Afghanistan's first all-female orchestra Zohra visits the UK
Five years ago, a unique all-female orchestra was formed in Afghanistan, a nation where only a few years previously music had been outlawed and women barred from education. Now Zohra is visiting the UK for the first time.
No-one claims that in Afghanistan, the Taliban influence has been rooted out entirely. Violence continues. But two decades ago, the Afghanistan National Institute of Music would have been unthinkable.
ANIM was founded in 2008, with international support, to bring music education to young Afghans. Not long before that, the Afghan capital Kabul had finally been wrenched from the grasp of the fundamentalist Sunni Muslim Taliban.
In the Taliban years, music - once a thriving and rich part of Afghan culture, admired around the world - had all but disappeared.
Today in Kabul, ANIM teaches music skills to some 250 young people, both male and female. That figure is about to rise to 320 and there are plans to expand to cities such as Herat, Mazar-e Sharif and Jalalabad.
About 70% of the young people at the institute come from disadvantaged backgrounds - some used to work the streets selling vegetables, plastic bags or chewing gum to support their families. Ages range from 12 to around 20.
But five years ago, ANIM founder by Dr Ahmad Sarmast was urged to start a new project specifically to benefit girls.
"One of our students told me we needed a group of four or five girls to play pop music," he says. "I liked the idea but almost at once it became clear most of the girls at ANIM wanted to join. Suddenly we were talking about a full orchestra.
"For Afghanistan it was a new world. It wasn't just that the Taliban had made it impossible to perform or listen to music - the whole position of women in society was one of total repression."
The orchestra was named Zohra after a Persian goddess of music. Dr Sarmast is delighted it's making a name for itself elsewhere. "But above all it sends a message of gender equality to other Afghans.

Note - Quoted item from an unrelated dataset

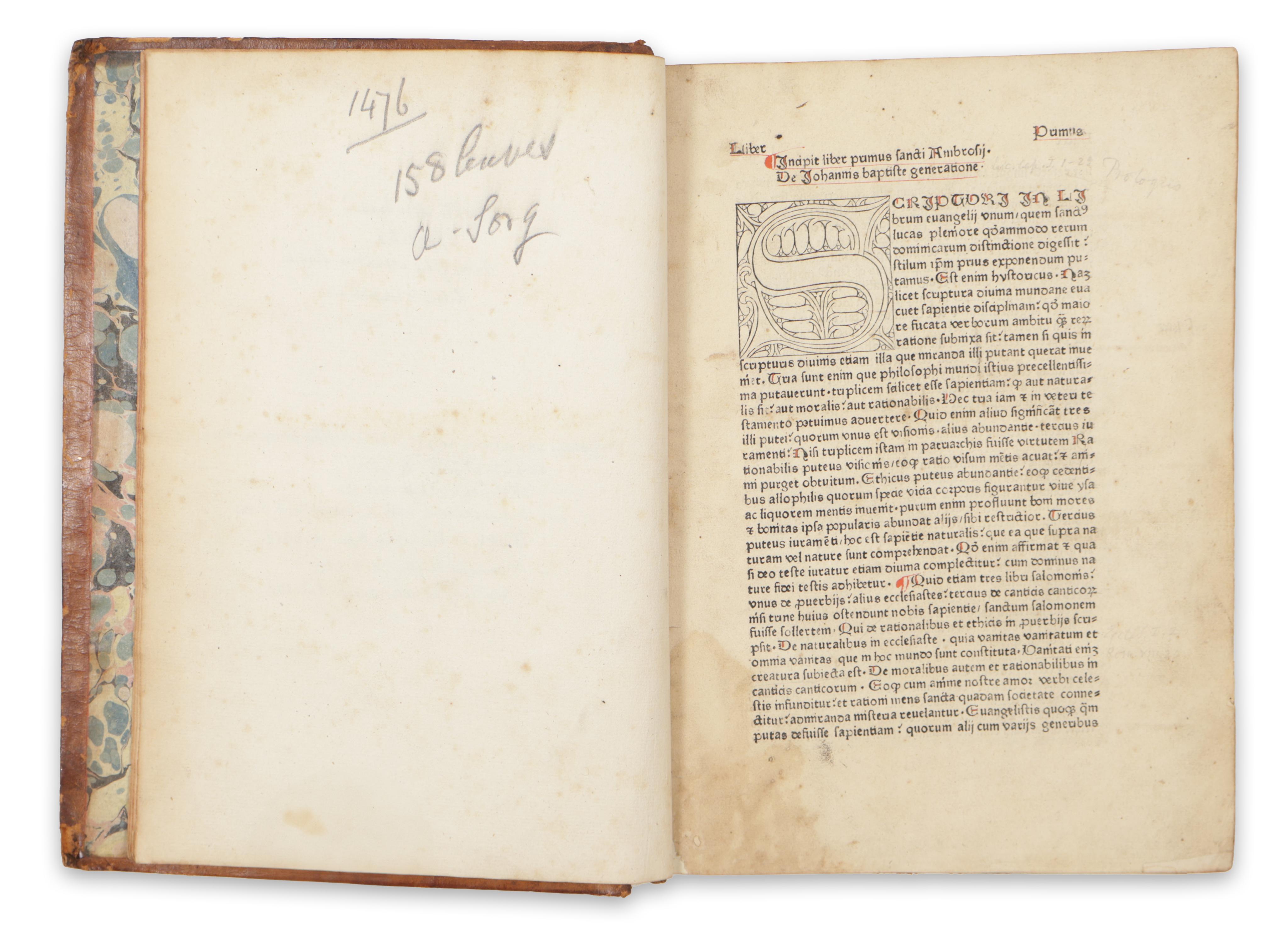 Augsburg, 1476. Anton Sorg.Commentary on the Gospel according to Luke in ten books

"Zohra creates a lovely sound but also it's a symbol of the freedom of Afghan women. This is the message we take around the world."

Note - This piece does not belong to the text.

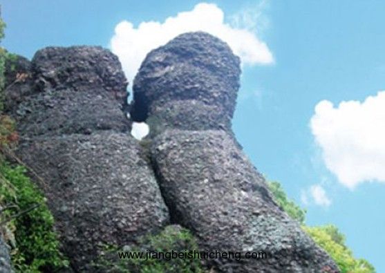 在羅漫山大石牌北端有一尊直徑約一丈,高約五丈的大石柱,它凸出石崖之外,下部同石崖連在一起,上部有分有合。從南邊看猶如一對年輕的情侶在接吻,從北邊看猶如兩位老人在接吻,所以人們稱之為接吻石,人們認(rèn)為是神仙下凡變成的, 版權(quán)所有山東聊城聊之旅國際旅行社有限公司,轉(zhuǎn)載必究!是世界上獨(dú)一無二的奇特景觀,它同中國古代有關(guān) “伏曦兄妹造人民”的神話故事有關(guān),所以人們稱之為天下第一吻或仙人接吻。人們說接吻石是忠貞不渝的愛情楷模,它在演繹著千百萬年流傳下來的愛情故事,人們看到它都會有所感觸,特別是熱戀中的情侶必會熱血沸騰、情感升華……讓天下有情人為之動容!

There are around 100 female students at ANIM, 23 of whom have come to Britain. Their numbers will be doubled when they play in concert with the London-based Orchestra of St John's and others. Instruments they've brought with them include the sarod, the rubab, tabla drums and the dutar.
The music performed is a combination of traditional Afghan music and western classical. For instance, their new arrangement of Greensleeves contains attractive new instrumentation probably not envisaged by Ralph Vaughan Williams in 1934.
The conductor for the Afghan pieces is Negin Khpalwak, who at 22 is one of the older musicians in the group. She joined the school not long after it opened - not initially with the idea of conducting at all. As a chorister, she performed in Dubai and has also played and conducted in the US, India, Germany and Switzerland.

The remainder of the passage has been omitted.